09.05.2024

Yazarlar: Özlem Gengönül, Öyküm Koruca

Dava şartı arabuluculuk kurumunun mevzuatımıza girmesi ve kapsamının gittikçe genişleyerek birçok konuda dava açılmadan önce bu kuruma başvurma zorunluluğu getirilmesiyle birlikte, arabuluculuk süreci esnasında düzenlenen belgelerin geçerliliğinin hangi koşullara tabi olduğu ve geçersizliğinin ileri sürülüp sürülemeyeceği hususları uygulamada önem kazanmıştır. Önemine binaen işbu yazımızda da arabuluculuk sürecinde düzenlenen anlaşma belgesinin geçerliliği konusunda birtakım değerlendirmelerde bulunacağız.

With the establishment of the mediation as a condition for litigation in our legislation and the gradual expansion of its scope and the obligation to apply to this institution before filing a lawsuit on many matters, the conditions under which the validity of the documents issued during the mediation process is subject to and whether their invalidity can be asserted have gained importance in practice. Due to its importance, in this article, we will make some evaluations on the validity of the agreement document issued during the mediation process.

Arabuluculuk Sürecine Genel Bakış

Kökleri eski çağlara dayanan arabuluculuk, modern anlamda Anglo Sakson Hukuk Sistemi içerisinde doğmuş olup 2012 yılında Hukuk Uyuşmazlıklarında Arabuluculuk Kanunu’nun (“HUAK”, “KANUN”) yürürlüğe girmesinin akabinde hukuk sistemimize dâhil olmuştur. Dava şartı arabuluculuğun da mevzuatımıza girmesiyle birlikte daha da yaygınlaşan arabuluculuk; bağımsız ve tarafsız üçüncü bir kişinin katılımıyla yürütülen, tarafların üzerinde serbestçe tasarruf edebilecekleri iş veya işlemlerden doğan özel hukuk uyuşmazlıklarında gündeme gelebilen ve ulusal yargı makamlarına alternatif bir uyuşmazlık çözüm yöntemidir. Sürecin kendine özgü ve tipik anlamda mahkeme yargılamasından ayrılan birtakım özelliklere sahip olması ve bu süreç sonunda anlaşılan hususlarda dava açma yasağı bulunması, hak kaybına uğramamak adına sürecin dikkatle yürütülmesini ve bu süreç esnasında düzenlenen belgelerde aranan şartlara riayet edilmesini gerektirmektedir.

Arabuluculuk Anlaşma Belgesi

Arabuluculuk sürecinde kural olarak iradilik prensibinin geçerli olmasının sonucunda taraflar sadece sürece başvurmakta, devam etmekte ve süreci sona erdirmekte değil; süreç sonunda anlaşmaya varılırsa düzenlenecek olan anlaşma belgesinin içeriğini belirlemekte de serbesttirler.
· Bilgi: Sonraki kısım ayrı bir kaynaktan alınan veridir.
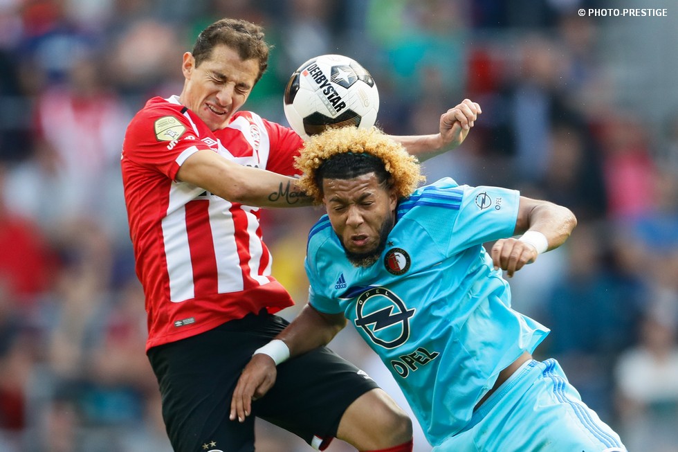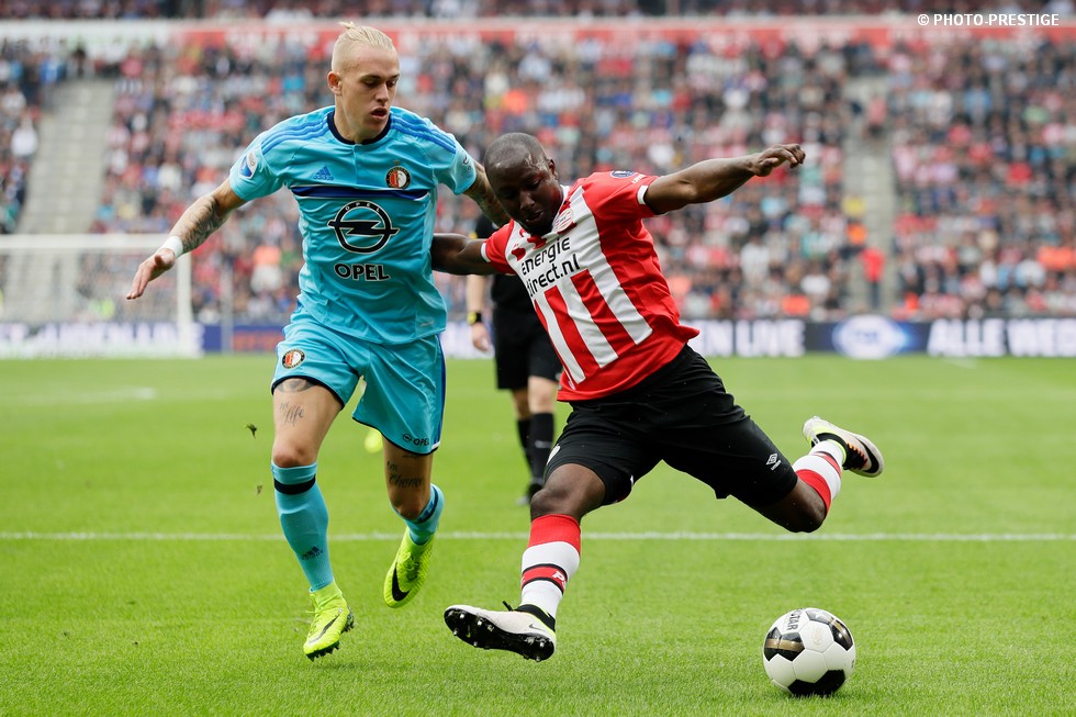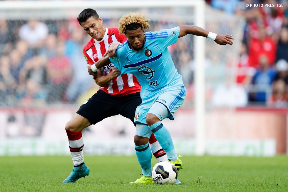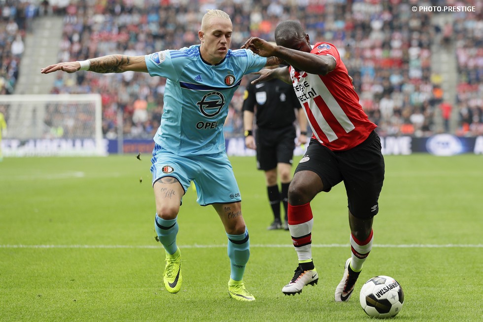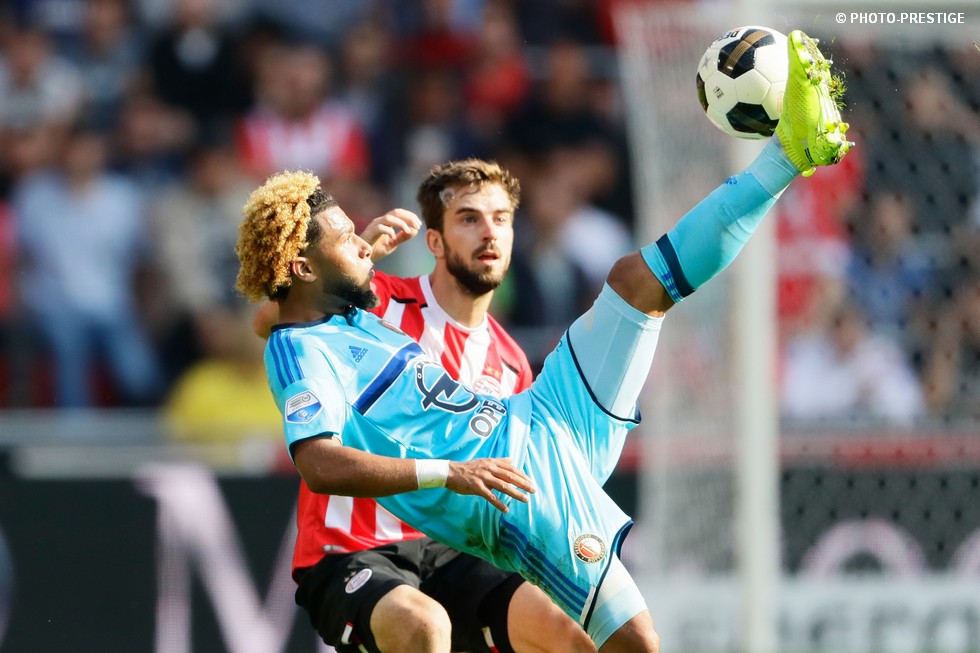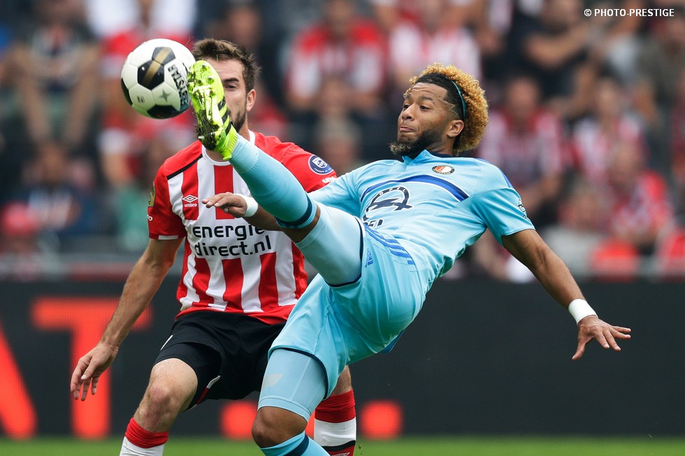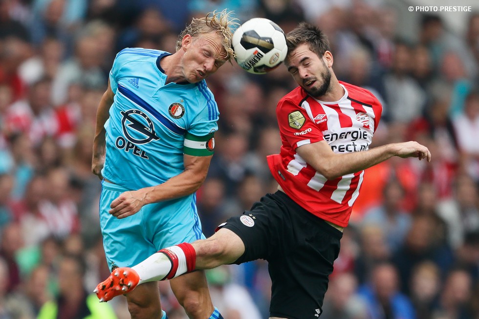 Op de dag dat Eindhoven de bevrijding vierde en de Oost-tribune het 25-jarig bestaan, verloor PSV de strijd om de koppositie. In het Philips Stadion verloor PSV met 1-0 van Feyenoord en zag de achterstand oplopen tot vijf punten. Een fotoverslag.

Bu kapsamda önemle belirtmek gerekir ki, tarafların birlikte arabulucuya başvurma iradesi göstermeleri tarafların uyuşmazlık üzerinde anlaşmaya vardığı şeklinde yorumlanamaz. Zira görüşmeler sonucunda taraflar arasında anlaşma gerçekleşmeyebilir. Anlaşma gerçekleşmeksizin süreç sonlandırıldığında anlaşamamaya ilişkin tutanak düzenlenir. Bunun üzerine tarafların uyuşmazlık hakkında dava ikame etmesi mümkündür. Sürecin anlaşma ile sona ermesi halinde ise arabulucunun anlaşmaya dair son tutanağı düzenlemesi ve imzalaması zorunlu ise de anlaşma belgesinin düzenlenmesi zorunlu olmayıp tarafların isteği üzerine bahse konu anlaşma belgesinin düzenlenmesi gündeme gelebilecektir. Fakat bu durumda gözetilmesi gereken birtakım sınırlamalar mevcuttur. 
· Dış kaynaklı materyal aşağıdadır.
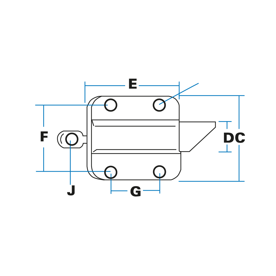- Mount on door moving vertically downwards, latch slams against a ramped striker plate.
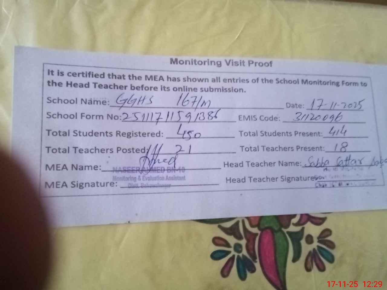 | Attendance Register | Head Teacher | MEA with School | Visit Proof |
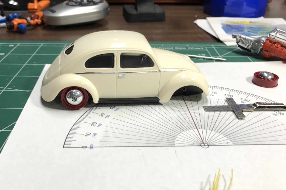 Beyond that sad note, I did make small progress through the month. I made new axles for the bug that would hold the new wheels and modified the chassis tub to lower the suspension. A friend of mine tried to cast resin wheels which I would drill to use the larger VW bus wheels. The resin wheels weren’t going to work as I had hoped. My second plan was to find 1/32 slot car tires. More to come on that issues.
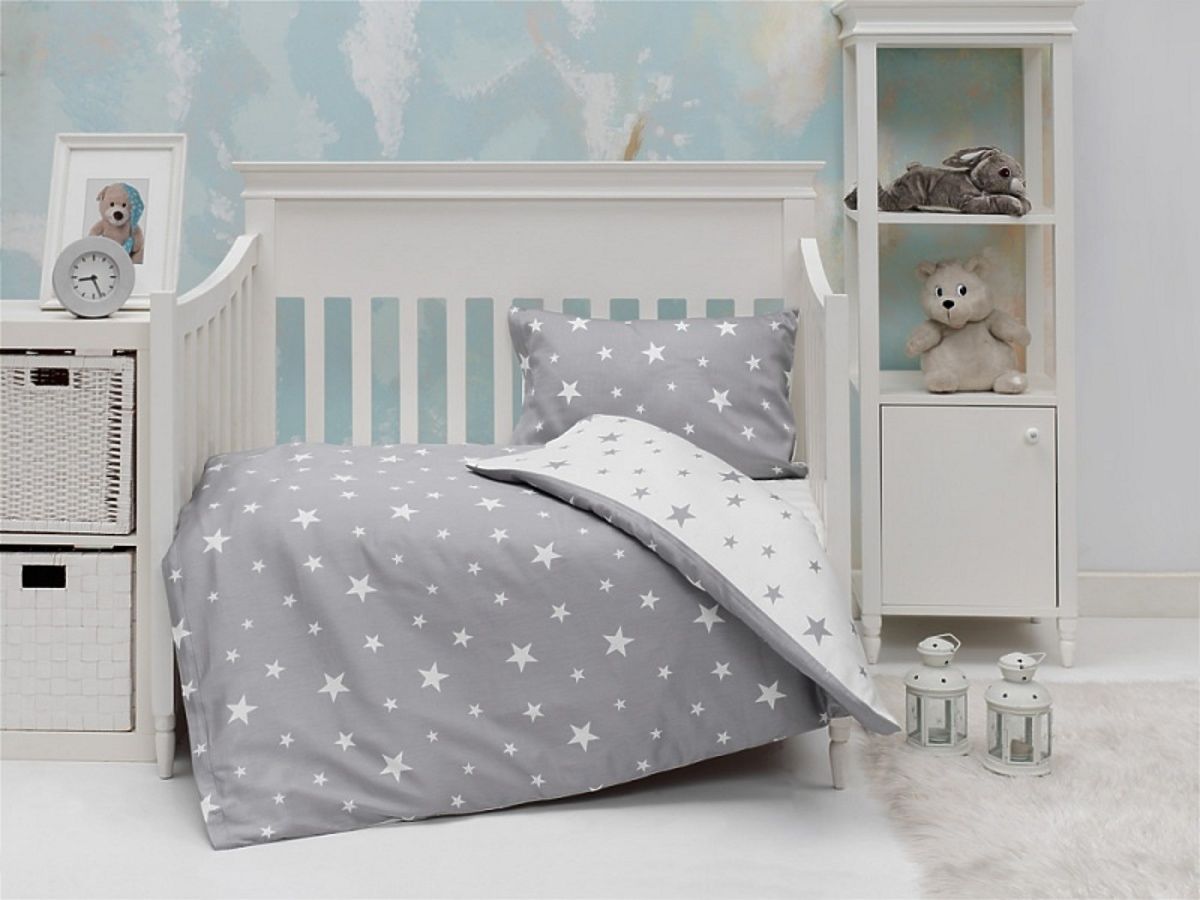 Drobnými hviezdičkami posiate detské obliečky hviezdičky prinesie krásne sny aj tým najmenším. Decentná kombinácia šedej a čisto bielej farby bude ozdobou každej detskej izbičky. Vrchná strana prikrývky a vankúše zodpovedá prevedení šedý podklad a biele hviezdičky, spodná strana je vykonaná inverzne.

Nitekim HUAK’ın 18. maddesi uyarınca, arabuluculuk faaliyeti sonunda varılan anlaşmanın kapsamının taraflarca belirleneceği ve anlaşma belgesi düzenlenmesi halinde bu belgenin taraflar ve arabulucu tarafından imzalanacağı düzenlenmiştir. Bu hususta sürecin dava şartı veya ihtiyari arabuluculuk olması arasında herhangi bir fark yoktur. Varılan anlaşma bakımından bir anlaşma belgesi düzenlenmesi, sürece katılan tarafların tasarrufundadır. Ancak bir anlaşma belgesi düzenlenecek olması durumunda her halükarda bu belgenin geçerliliği taraflar veya onların yasal ya da iradi temsilcileri ile arabulucu tarafından imzalanması koşuluna bağlı olacaktır.

Anlaşma belgesi, tarafların bu belgede anlaşmaya vardığı hususlar üzerinde dava açmasına engel oluşturduğundan usulüne uygun tanzim edilmemiş ya da tarafların iradesini sakata uğratan hallerde düzenlenmiş anlaşma belgelerinin iptali gündeme gelebilmektedir.
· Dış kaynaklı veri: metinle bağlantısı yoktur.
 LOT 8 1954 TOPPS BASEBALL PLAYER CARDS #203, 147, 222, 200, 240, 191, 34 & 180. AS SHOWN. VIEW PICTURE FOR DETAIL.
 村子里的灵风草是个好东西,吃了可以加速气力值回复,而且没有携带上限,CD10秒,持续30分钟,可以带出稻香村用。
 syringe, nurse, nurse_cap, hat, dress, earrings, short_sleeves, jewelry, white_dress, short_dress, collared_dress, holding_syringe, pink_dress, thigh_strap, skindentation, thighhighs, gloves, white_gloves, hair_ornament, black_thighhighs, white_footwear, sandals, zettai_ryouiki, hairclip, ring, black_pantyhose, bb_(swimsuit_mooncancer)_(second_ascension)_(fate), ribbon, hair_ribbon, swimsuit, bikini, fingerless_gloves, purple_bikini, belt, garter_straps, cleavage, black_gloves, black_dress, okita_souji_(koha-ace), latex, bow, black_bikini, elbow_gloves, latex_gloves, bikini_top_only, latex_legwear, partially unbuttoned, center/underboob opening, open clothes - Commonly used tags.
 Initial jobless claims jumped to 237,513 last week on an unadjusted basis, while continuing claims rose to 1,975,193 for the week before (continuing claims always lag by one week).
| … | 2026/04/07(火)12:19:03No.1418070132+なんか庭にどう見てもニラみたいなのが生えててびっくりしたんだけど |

Nitekim tarafların tutanak tutarak anlaştıkları konularda kanunen yeniden dava açma hakları bulunmamakla birlikte; ekseriyetle usulüne uygun şekilde tanzim edilmeyen ve/veya tarafların özgür iradelerini yansıtmayan bir anlaşma belgesinin iptal edilmeyerek icra edilmesi, iradesi sakata uğratılmış kişinin dava açabilme hakkını bertaraf edecektir. Bu durum ise bir hukuk devletinde kabul edilebilir değildir. Öte yandan, herhangi bir eksiklik taşımayan arabuluculuk belgelerinin kötü niyetle iptal edilmelerine cevaz verilmemesi bakımından, söz konusu belgelere ilişkin geçerlilik şartlarının titizlikle incelenmesi de önem arz etmektedir.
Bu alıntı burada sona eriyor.